# Freight Train vs. Grain Truck



## AlanB (Sep 30, 2006)

Here's an interesting video showing a freight train taking out a grain truck that failed to yield the right of way. The video was shot by a security camera mounted on a nearby building. The accident occured August 4th in Stuttgart, AK.

One has to wonder what the heck that truck driver was doing/thinking. Note that the SUV coming from the opposite direction actually stops as required and then frantically starts backing up when he/she realizes that the grain truck is going to get creamed!


----------



## George Harris (Oct 2, 2006)

Arkansas is AR. AK is for Alaska.

For those unfamiliar, this is Union Paciific now, but this is the Cotton Belt main line, route of the Blue Streak Merchandise and other 70 mph freight trains. Lots of long FAST freight trains, and has been this way for many years. The speed limit for freight is still 70 mph.
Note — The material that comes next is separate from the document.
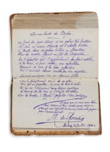 ALBUM AMICORUM by more than 80 writers, artists and personalities, 1899- 1903 ; thick volume of more than 700 pages, including 244 filled pages, in-8 (11 x 17,5 cm - 4,3 x 6,8 inches) ; reused stamped vellum binding of the 16th century.
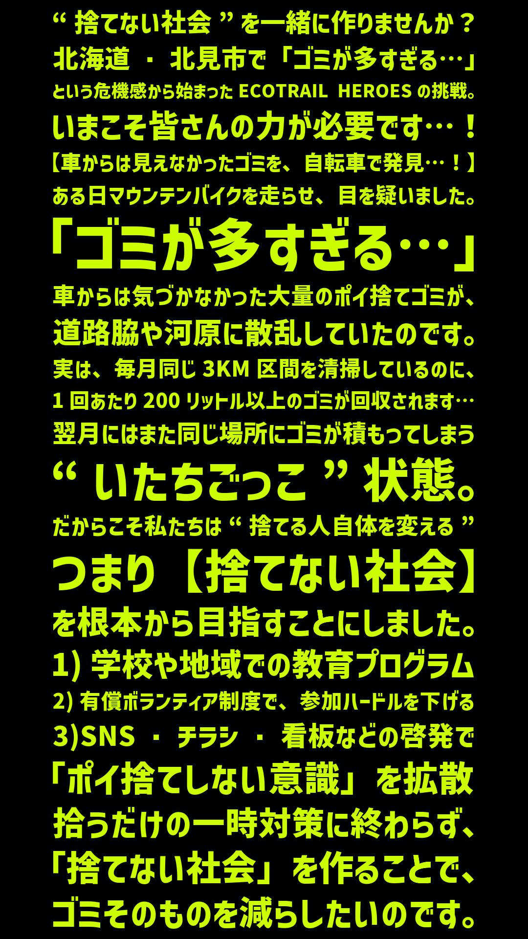 • 継続的な清掃やイベント運営: 北見市内から北海道全域、そして日本各地へと“捨てない社会”を波及させる。

The track is for the most part closely parallel to US 79. Stuttgart is about 30 miles southwest of Brinkley AR, which is on I 40 about half way between Memphis and Little Rock, and about 30 miles northeast of the Cotton Belt hub of Pine Bluff. The accident rate on most of the crossings of this line is realtively low because most people know better than to try to beat the trains, and at the rate they move you don't have to wait very long, either.


----------



## Save Our Trains Michigan (Oct 2, 2006)

what an idiot


----------



## battalion51 (Oct 2, 2006)

I have to say the greatest part of that video was the truck just driving away after it got whacked. :lol:


----------



## gswager (Oct 2, 2006)

battalion51 said:


> I have to say the greatest part of that video was the truck just driving away after it got whacked. :lol:


Is that a case of hit and run for trucker? :lol:


----------



## MrFSS (Oct 2, 2006)

Save Our Trains Michigan said:


> what an idiot


Truck driver probably didn't know he had gotten hit until he reached his final destination!!


----------



## AmtrakWPK (Oct 2, 2006)

I'm sure he knew what happened. He was probably trying to decide what to do about the large brown stain he was sitting on........


----------



## rmgreenesq (Oct 2, 2006)

Save Our Trains Michigan said:


> what an idiot


Yup! What an idiot.

Rick


----------



## George Harris (Oct 3, 2006)

Looked at my UPRR ETT for this location. A few relevant items from it:

mp 200.5 Brinkley

mp 231.2 N. Stuttgart siding

mp 232.7 S. Stuttgart siding

mp 263.2 Pine Bluff Yard

(Sidings are about 10 miles apart on this line.)

Speed Limits:

70 mph freight trains

75 mph expedited freight trains

40 mph head end restriction mp 232.5 to 234.0


----------